I write in a journal every morning before anyone else gets up in our house. I developed the habit a couple years ago. I like it – just me and the hum of the refrigerator.

It was a challenging routine to establish – me sitting quietly with my thoughts. It made me squirm. Did I really want to know what I was thinking?

Sometimes my thoughts scare me…I wonder if other mentally stable people think the things I think. I don’t know if I need to be more concerned about Dr. Seuss speak or insanity.

I question just about everything. Is that normal? Why did I make that choice? Where do I want to go from here? How am I going to get there? How long is it going to take and will I know when I arrive?

I realized yesterday that I’ve been hanging out with boredom – not a good place since food generally becomes the sole source of entertainment. Once confronted with my predicament, I decided to mix things up a bit, but first I needed to figure out why I found myself in this place.

As of late, our family has experienced a tad bit of over-programming, at least for my liking. We’re working on that, but as I waited for the next event, I wandered into Great Harvest Bread Company. I ignored the flashing neon sign in my head warning me to stay clear.

The bread is delightful, yeasty and dense. It tastes like something that might show up on the dinner table of the Ingalls’ family on a cold winter night on the prairie – Ma had a way with cooking.

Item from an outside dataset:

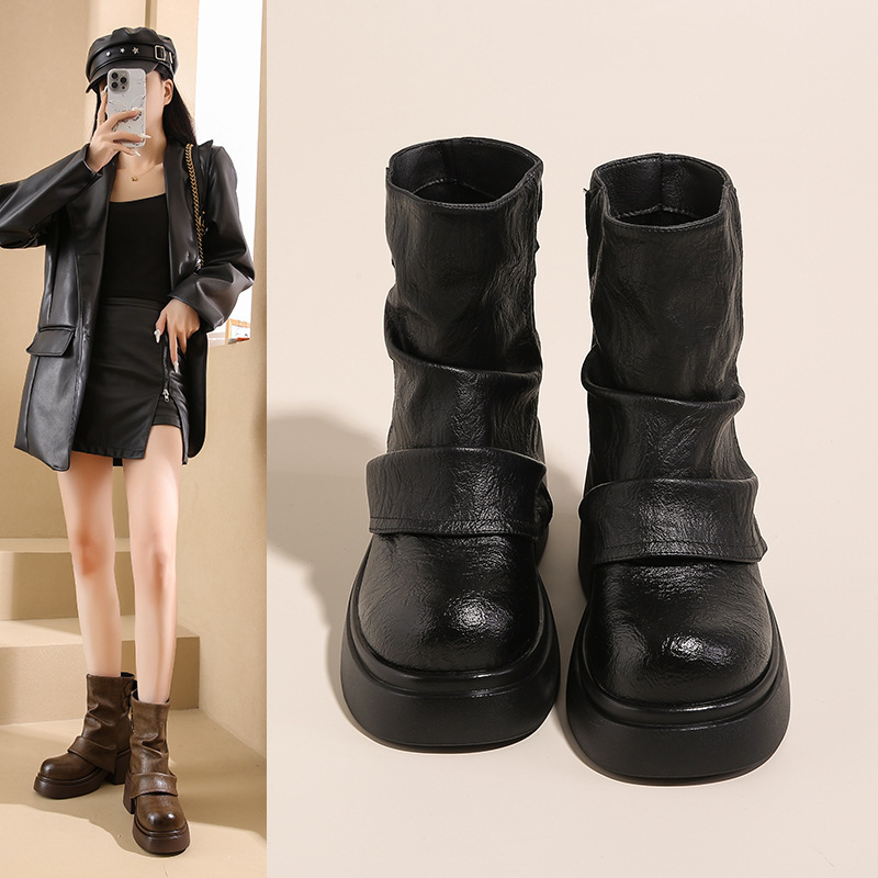 ショートブーツの女性の平底のマーティンの靴の2024の新型の春のチェルシーのやせている靴の英倫の風の方の頭の白い女性の靴

I know this wasn’t a place that I needed to inhabit, but I walked in and accepted a slice of their cinnamon bread with a big glob of butter. I avoided the Dakota. It is a hearty whole grain that has lots of nuts and seeds baked into the top. I love it; my family hates it. I couldn’t even pretend that I was buying that loaf for anyone but me. I checked out with a loaf of white bread and the girl behind the counter asked if I wanted to join the frequent buyers club.

“No thanks, that will bring more trouble than I need right now. Besides, I carried a card about hundred pounds ago.”

She gave me an odd look and laughed. I’m sure she thought I was just trying to be funny. But couldn’t she tell by looking at me that I used to be very heavy?

She couldn’t see my past, and then it occurred to me that I really don’t identify with that girl anymore either. When did that happen? Will I be able to maintain the progress if I begin to see myself as a totally different person than who I was? I often feel like that girl was just a messed up friend of mine. Is that insane?

I suppose that I will always have to be diligent about my eating choices, but I think as long as I pay attention to the signs along the way, I’ll be O.K. Perhaps it’s not about arriving at a destination, but allowing myself to become comfortable with the evolution and the questions that arise through the process.